Exercise details –
In the data below, locate the line containing "Kuansing - Kepala" and the line containing "PAPIFEED 2.4G WiFi", then retype both and everything between them exactly. Pictures are not part of the copy.

Given data –
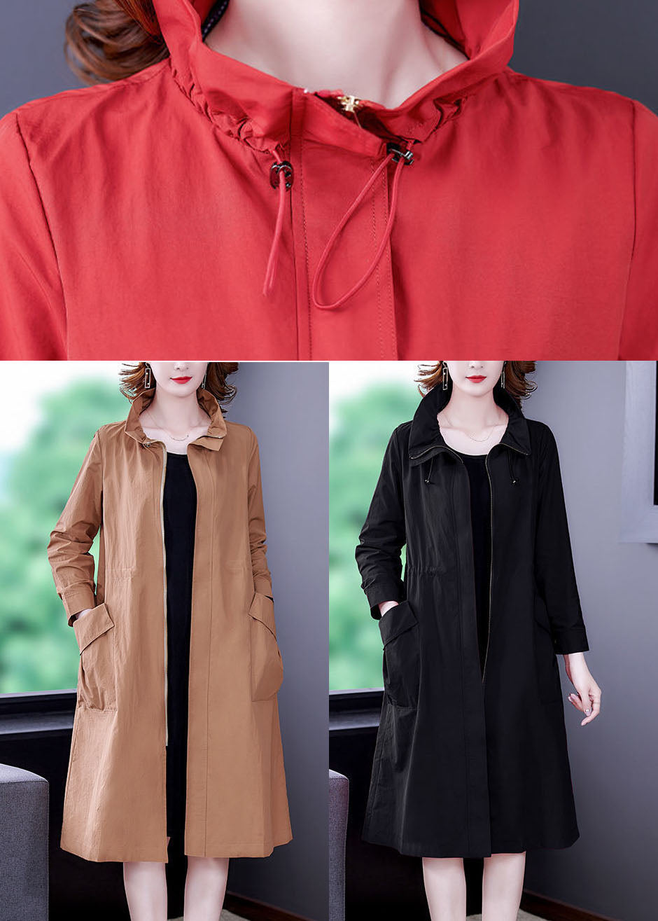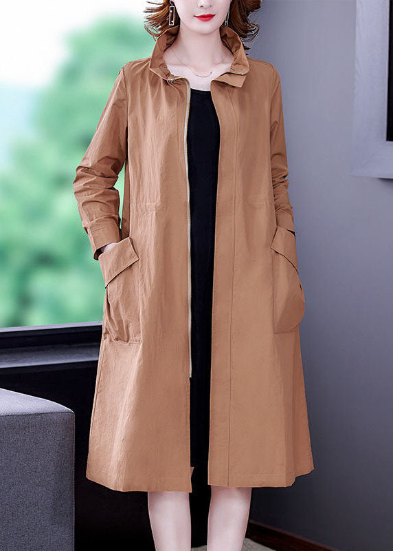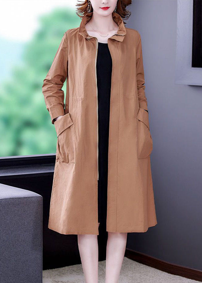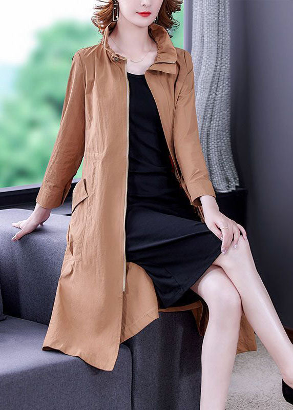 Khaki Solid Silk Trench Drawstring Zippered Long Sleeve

...

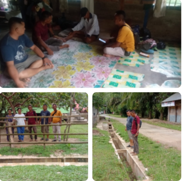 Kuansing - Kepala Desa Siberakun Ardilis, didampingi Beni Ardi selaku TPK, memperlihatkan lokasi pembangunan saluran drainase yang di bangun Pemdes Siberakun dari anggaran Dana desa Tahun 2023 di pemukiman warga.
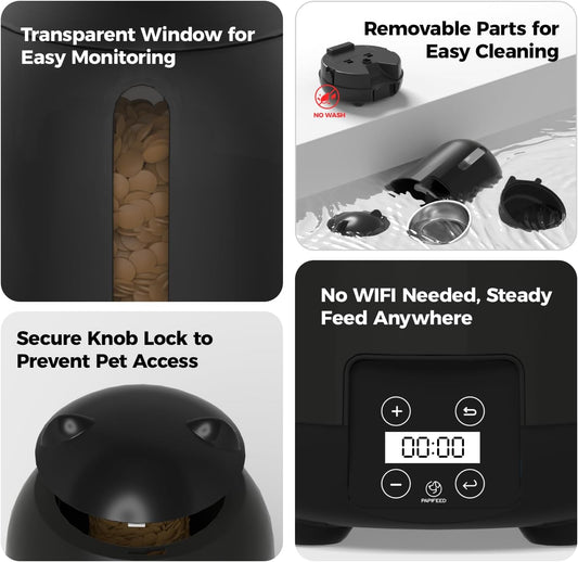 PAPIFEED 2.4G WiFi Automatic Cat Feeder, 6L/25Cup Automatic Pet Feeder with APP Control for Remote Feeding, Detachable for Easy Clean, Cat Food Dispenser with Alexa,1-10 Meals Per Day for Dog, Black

Solution to this problem –
 Kuansing - Kepala Desa Siberakun Ardilis, didampingi Beni Ardi selaku TPK, memperlihatkan lokasi pembangunan saluran drainase yang di bangun Pemdes Siberakun dari anggaran Dana desa Tahun 2023 di pemukiman warga.
 PAPIFEED 2.4G WiFi Automatic Cat Feeder, 6L/25Cup Automatic Pet Feeder with APP Control for Remote Feeding, Detachable for Easy Clean, Cat Food Dispenser with Alexa,1-10 Meals Per Day for Dog, Black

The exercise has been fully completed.